Но ответ на радиограмму запаздывал. Джонс ожидал вестей от сестры по истечении часа - возможно, еще до того, как "Вечерняя Звезда" опустится в доках Луна-Сити. По мере того, как проходили часы, он стал получать из радиокаюты все менее дружелюбные ответы на свои вопросы. В семнадцатый раз обозленный техник резко предложил ему проваливать. Вслед за тем Джонс вдруг услышал предупредительный гудок к поднятию корабля; он вернулся и сообщил Уингейту, что его план, очевидно, рухнул.
- У нас, правда, еще в запасе десять минут, - произнес он с полной безнадежностью. - Если радиограмма придет до того, как нам дадут старт, капитан сможет высадить нас в последнюю минуту. Но похоже на то, что нет больше никаких шансов.
- Десять минут... - произнес Уингейт. - А мы не могли бы как-нибудь выбраться наружу и бежать?

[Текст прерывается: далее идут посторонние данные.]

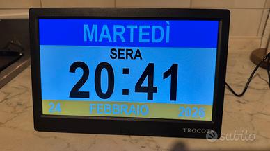 Vendo grande orologio digitale usato pochissimo praticamente nuovo, causa inutilizzo. Grande display con possibilità di allarmi/sveglie personalizzati e con 6 diverse modalità di visualizzazione dell’orologio. Possibilità di regolazione con telecomando. Molto utile anche per anziani.
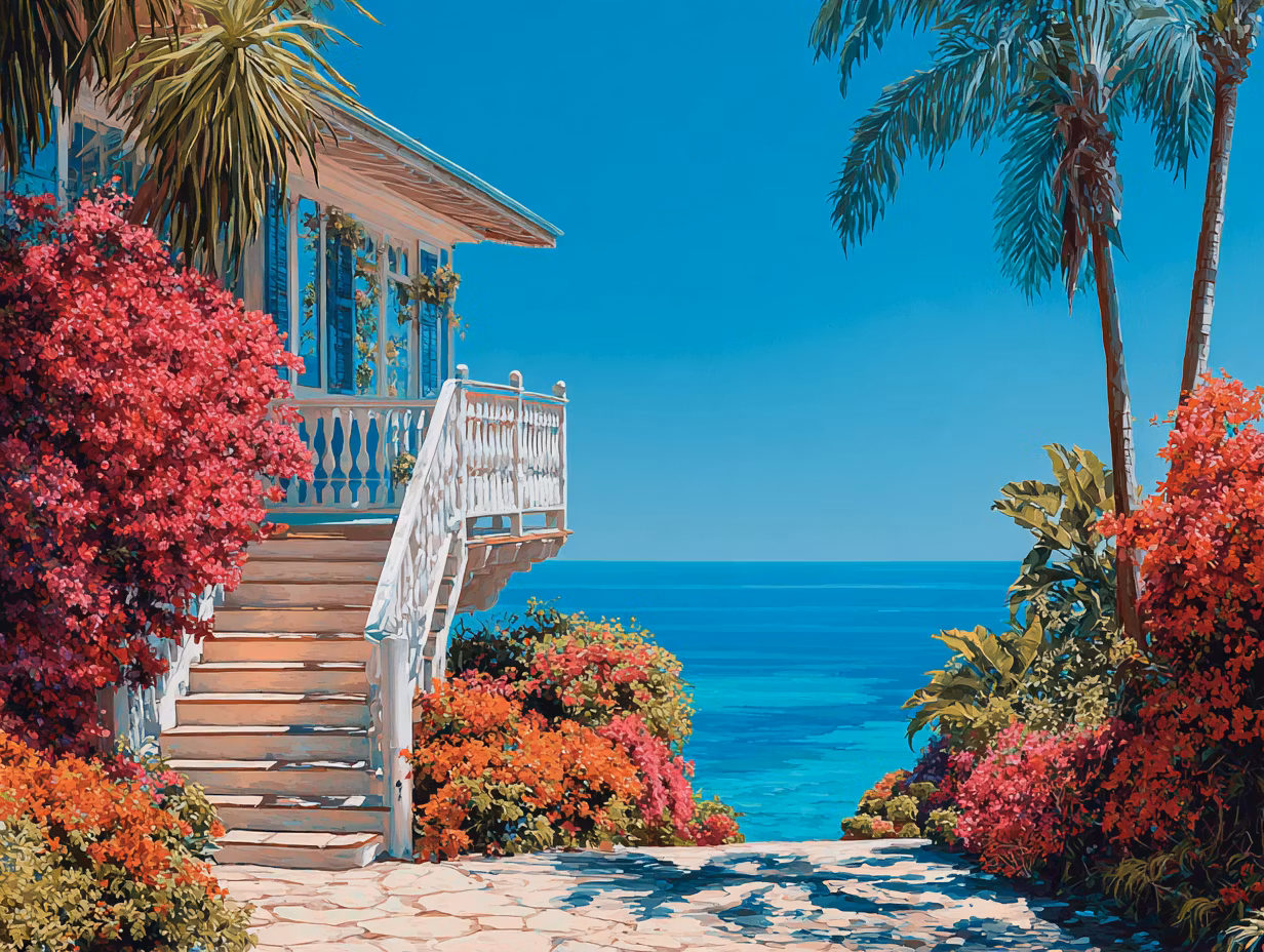 Paint by number - Sommaridyll vid havet i Blommande Färger (Beställningsvara)

Джонс, казалось, уже был доведен до белого каления.
- А тебе уже случалось когда-нибудь убегать в безвоздушном пространстве?

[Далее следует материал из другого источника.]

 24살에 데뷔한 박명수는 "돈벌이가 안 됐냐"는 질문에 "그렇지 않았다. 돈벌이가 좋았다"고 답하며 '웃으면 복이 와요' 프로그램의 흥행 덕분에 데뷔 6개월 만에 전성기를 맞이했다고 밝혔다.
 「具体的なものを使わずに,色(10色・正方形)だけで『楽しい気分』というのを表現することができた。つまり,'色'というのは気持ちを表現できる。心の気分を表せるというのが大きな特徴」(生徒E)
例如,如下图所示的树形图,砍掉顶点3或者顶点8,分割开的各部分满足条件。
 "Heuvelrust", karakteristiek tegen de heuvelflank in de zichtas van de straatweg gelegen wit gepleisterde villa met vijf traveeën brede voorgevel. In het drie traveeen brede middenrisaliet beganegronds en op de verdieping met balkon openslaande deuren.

Во время перелета от Луна-Сити до Венеры Уингейт был слишком занят, чтобы мучиться от космической болезни. Он многому научился по части мытья уборных и проводил десять часов в день, совершенствуясь в своей новой профессии. Жандармы злопамятны.
Вскоре после того, как "Вечерняя Звезда" покинула Луна-Сити, она вышла за пределы, в которых возможна радиосвязь с Землей; оставалось только ждать прибытия в Адонис - порт Северной полярной колонии на Венере. Там Компания имела достаточно мощную радиостанцию, чтобы поддержать непрерывную связь с Землей, за исключением шестидесяти дней прохождения Венеры по ту сторону Солнца и более короткого периода солнечных помех при ее прохождении между Землей и Солнцем.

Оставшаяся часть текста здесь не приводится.